During the panel discussion, hosted at Great Divide Brewing Company, John Bryant, the owner of No-Li Brewhouse, along with Wormtown Brewery managing partner David Fields and Great Divide senior director of finance Bryan Slekes, agreed that a strong balance sheet would help small beer companies avoid compromising their integrity.

“If you can get your balance sheet as strong as possible, it allows you to make the intelligent decisions you know to make,” Bryant said.

One path to establishing a strong financial base is through taproom sales, suggested Fields, whose brewery has built its business through local distribution.

“If you’re in a position to sell 100 percent of your beer in your taproom, do it,” Fields said. “Don’t worry about distribution just yet because you’ll get a really strong balance sheet really quickly if you don’t have to worry about managing a distributor relationship because it is a business within a business.”

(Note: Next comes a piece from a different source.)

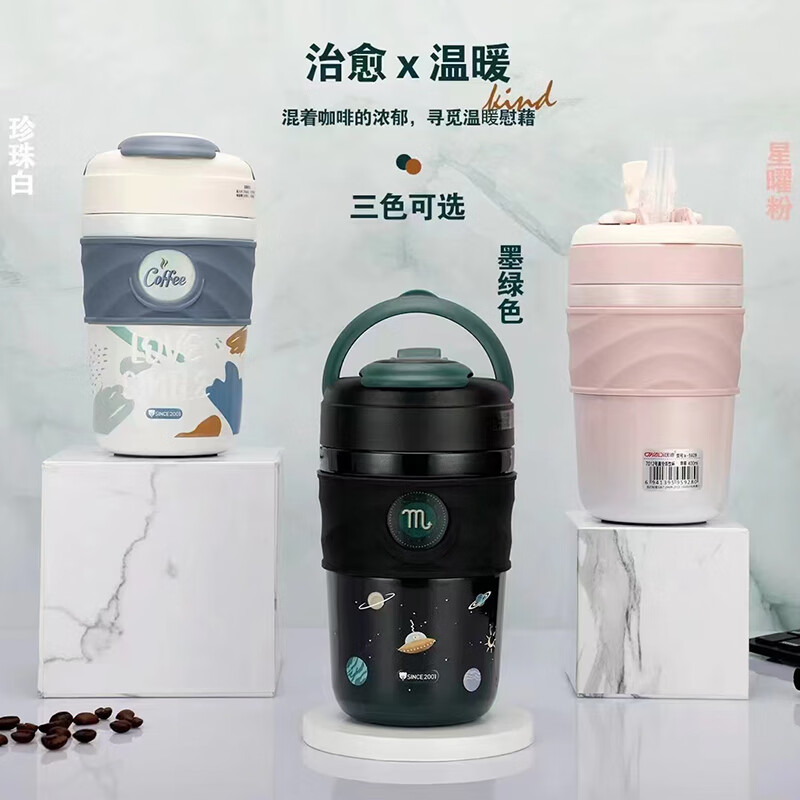 匡迪保溫杯咖啡杯男女士隨行保冷杯高顏值便攜車載大容量吸管水杯 星耀粉400ml 自營

Slekes echoed those suggestions, and argued that brewers should resist the urge to chase volume in faraway markets, even if they took on debt to scale their operations. He added that brewery owners should continually articulate those plans with investors and wholesalers.

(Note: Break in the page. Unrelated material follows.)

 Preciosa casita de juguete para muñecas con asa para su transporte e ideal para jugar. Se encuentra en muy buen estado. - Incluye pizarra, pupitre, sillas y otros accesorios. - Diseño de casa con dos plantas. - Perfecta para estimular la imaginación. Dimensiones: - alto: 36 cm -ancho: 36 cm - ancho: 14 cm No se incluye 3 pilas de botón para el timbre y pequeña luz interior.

“If that means I write a couple more bank memos every once in awhile, so be it,” he said.

Slekes also admitted that Great Divide had a “tough” 2016, but said the company is now on pace to sell about 40,000 barrels of beer this year. 60 percent of those sales will occur within the brewery’s home state of Colorado, he added.

In addition to distribution strategies, the group also discussed the importance of maintaining price integrity and earning mindshare with wholesalers through premium pricing.

“You’re one line item on probably 150, and you’ll be ranked on the dollars that you bring in and the percent black or red that you’re trending,” Bryant said, suggesting that brewers maintain strong margins and dollars on every item they sell to distributors.

Fields, meanwhile, urged brewers to build strong relationships with wholesalers, noting that they are ultimately a beer manufacturers largest customer. To make his point, Fields recalled a time in 2012 when he had to work to strengthen a relationship with Boston’s Burke Distributing, who has since become Wormtown’s top beer distributor.

To do so, Fields said he asked Burke’s vice president of sales how the brewery could be a better partner. Here’s what he heard: “You are ruining relationships with some of our biggest customers because you cannot get us the beer we need.”

“That was an aha-moment for me,” Fields said.

At the time, Wormtown was only selling Burke about 50 cases of beer for off-premise accounts, and it wasn’t enough to satisfy demand from the wholesaler’s largest customer, who was accustomed to buying thousands of cases from larger brands.

After weighing the option of pulling back distribution from the market, Fields said Wormtown constructed a growth plan that would create more consistency for Burke.

“That was a challenge, and it was expensive to figure out how to make that happen, but we ultimately did,” he said, noting that Wormtown is on pace to produce about 27,000 barrels of beer in 2017.

Meanwhile, Bryant said he has worked to not only build No-Li into “a craft beer epicenter for the state of Washington,” where 90 percent of the company’s beer is sold, but also into “a cause.”

“If I don’t believe it’s a cause, then I shouldn’t get out of bed because it’s too much damn work,” he said. “You have to believe that it’s a cause and that because you exist in this room, the world’s a better place or craft beer is a better place or your community is a better place.”

No-Li’s path to 14,000 barrels of annual output hasn’t been without struggles, Bryant added. But his message for brewers was to keep taking risks.

“You’re either going to fight like a son of a bitch and figure it out, or you’re going to give up,” he said. “Don’t give up that strength.”